# [WHAT IS EXPECTED]
Look through the records below for the line with "Studio Apartment. This" and the line with "上午8点,论坛拉开了帷幕。在", then return those lines and all lines between, exactly.

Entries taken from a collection

......

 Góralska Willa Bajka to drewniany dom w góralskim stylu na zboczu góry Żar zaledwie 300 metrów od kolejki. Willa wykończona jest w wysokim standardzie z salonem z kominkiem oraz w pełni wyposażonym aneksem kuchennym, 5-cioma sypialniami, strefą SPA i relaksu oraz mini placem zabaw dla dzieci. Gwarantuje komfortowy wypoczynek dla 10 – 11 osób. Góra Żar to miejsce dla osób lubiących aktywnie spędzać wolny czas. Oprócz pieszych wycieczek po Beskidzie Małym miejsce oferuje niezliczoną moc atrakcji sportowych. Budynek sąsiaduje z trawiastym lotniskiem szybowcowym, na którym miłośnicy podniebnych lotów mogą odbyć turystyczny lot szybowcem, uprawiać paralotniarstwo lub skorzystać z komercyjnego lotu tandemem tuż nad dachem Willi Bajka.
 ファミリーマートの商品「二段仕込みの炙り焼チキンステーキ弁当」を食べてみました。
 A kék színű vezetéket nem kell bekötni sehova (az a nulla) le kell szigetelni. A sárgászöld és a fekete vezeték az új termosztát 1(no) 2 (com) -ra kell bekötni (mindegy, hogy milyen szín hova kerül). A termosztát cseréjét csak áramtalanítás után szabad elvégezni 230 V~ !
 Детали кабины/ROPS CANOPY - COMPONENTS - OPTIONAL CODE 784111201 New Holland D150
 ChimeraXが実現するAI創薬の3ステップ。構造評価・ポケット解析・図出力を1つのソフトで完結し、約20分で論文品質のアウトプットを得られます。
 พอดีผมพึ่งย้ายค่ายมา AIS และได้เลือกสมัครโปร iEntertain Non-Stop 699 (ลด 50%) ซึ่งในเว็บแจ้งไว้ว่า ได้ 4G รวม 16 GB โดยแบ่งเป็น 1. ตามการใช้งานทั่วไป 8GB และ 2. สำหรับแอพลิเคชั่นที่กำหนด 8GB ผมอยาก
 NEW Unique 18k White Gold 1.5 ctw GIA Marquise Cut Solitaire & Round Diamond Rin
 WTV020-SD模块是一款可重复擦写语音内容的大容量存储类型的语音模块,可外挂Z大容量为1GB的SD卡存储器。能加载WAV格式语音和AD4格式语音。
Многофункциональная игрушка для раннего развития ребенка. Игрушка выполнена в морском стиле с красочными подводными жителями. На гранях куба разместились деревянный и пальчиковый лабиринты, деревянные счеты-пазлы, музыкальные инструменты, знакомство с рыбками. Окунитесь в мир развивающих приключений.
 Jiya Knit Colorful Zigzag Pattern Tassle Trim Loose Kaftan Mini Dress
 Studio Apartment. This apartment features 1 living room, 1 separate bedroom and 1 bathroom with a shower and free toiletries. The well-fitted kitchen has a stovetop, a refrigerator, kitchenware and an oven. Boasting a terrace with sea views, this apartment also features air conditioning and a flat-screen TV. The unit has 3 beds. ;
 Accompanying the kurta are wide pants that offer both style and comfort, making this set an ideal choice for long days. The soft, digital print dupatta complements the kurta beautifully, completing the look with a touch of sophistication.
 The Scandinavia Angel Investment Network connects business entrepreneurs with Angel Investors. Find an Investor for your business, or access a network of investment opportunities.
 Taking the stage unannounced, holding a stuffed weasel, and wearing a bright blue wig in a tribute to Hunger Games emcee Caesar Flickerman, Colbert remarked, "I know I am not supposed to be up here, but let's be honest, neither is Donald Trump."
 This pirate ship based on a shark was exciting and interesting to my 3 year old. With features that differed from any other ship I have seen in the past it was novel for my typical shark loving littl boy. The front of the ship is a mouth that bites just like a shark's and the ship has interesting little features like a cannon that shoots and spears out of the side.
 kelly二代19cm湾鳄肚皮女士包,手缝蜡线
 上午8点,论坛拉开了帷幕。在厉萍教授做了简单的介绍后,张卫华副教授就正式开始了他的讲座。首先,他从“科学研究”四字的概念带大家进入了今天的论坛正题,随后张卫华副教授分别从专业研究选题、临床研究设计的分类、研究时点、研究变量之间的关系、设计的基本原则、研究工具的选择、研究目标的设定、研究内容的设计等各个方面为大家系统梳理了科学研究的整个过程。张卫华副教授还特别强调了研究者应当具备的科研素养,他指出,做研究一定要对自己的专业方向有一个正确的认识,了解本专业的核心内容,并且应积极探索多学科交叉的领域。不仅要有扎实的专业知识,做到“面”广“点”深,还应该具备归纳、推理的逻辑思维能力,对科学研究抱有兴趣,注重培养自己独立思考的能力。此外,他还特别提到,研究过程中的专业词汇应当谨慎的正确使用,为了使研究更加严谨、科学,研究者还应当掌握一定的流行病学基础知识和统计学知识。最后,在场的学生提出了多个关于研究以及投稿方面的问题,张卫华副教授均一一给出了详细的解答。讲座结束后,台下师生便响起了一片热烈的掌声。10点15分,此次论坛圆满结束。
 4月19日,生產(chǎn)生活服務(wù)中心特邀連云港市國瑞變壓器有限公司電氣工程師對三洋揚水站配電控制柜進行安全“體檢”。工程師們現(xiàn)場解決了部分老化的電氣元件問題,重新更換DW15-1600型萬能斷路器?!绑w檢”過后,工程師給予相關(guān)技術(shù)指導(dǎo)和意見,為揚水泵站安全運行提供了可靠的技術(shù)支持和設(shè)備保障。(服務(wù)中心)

......

# [TASK RESULT]
 Studio Apartment. This apartment features 1 living room, 1 separate bedroom and 1 bathroom with a shower and free toiletries. The well-fitted kitchen has a stovetop, a refrigerator, kitchenware and an oven. Boasting a terrace with sea views, this apartment also features air conditioning and a flat-screen TV. The unit has 3 beds. ;
 Accompanying the kurta are wide pants that offer both style and comfort, making this set an ideal choice for long days. The soft, digital print dupatta complements the kurta beautifully, completing the look with a touch of sophistication.
 The Scandinavia Angel Investment Network connects business entrepreneurs with Angel Investors. Find an Investor for your business, or access a network of investment opportunities.
 Taking the stage unannounced, holding a stuffed weasel, and wearing a bright blue wig in a tribute to Hunger Games emcee Caesar Flickerman, Colbert remarked, "I know I am not supposed to be up here, but let's be honest, neither is Donald Trump."
 This pirate ship based on a shark was exciting and interesting to my 3 year old. With features that differed from any other ship I have seen in the past it was novel for my typical shark loving littl boy. The front of the ship is a mouth that bites just like a shark's and the ship has interesting little features like a cannon that shoots and spears out of the side.
 kelly二代19cm湾鳄肚皮女士包,手缝蜡线
 上午8点,论坛拉开了帷幕。在厉萍教授做了简单的介绍后,张卫华副教授就正式开始了他的讲座。首先,他从“科学研究”四字的概念带大家进入了今天的论坛正题,随后张卫华副教授分别从专业研究选题、临床研究设计的分类、研究时点、研究变量之间的关系、设计的基本原则、研究工具的选择、研究目标的设定、研究内容的设计等各个方面为大家系统梳理了科学研究的整个过程。张卫华副教授还特别强调了研究者应当具备的科研素养,他指出,做研究一定要对自己的专业方向有一个正确的认识,了解本专业的核心内容,并且应积极探索多学科交叉的领域。不仅要有扎实的专业知识,做到“面”广“点”深,还应该具备归纳、推理的逻辑思维能力,对科学研究抱有兴趣,注重培养自己独立思考的能力。此外,他还特别提到,研究过程中的专业词汇应当谨慎的正确使用,为了使研究更加严谨、科学,研究者还应当掌握一定的流行病学基础知识和统计学知识。最后,在场的学生提出了多个关于研究以及投稿方面的问题,张卫华副教授均一一给出了详细的解答。讲座结束后,台下师生便响起了一片热烈的掌声。10点15分,此次论坛圆满结束。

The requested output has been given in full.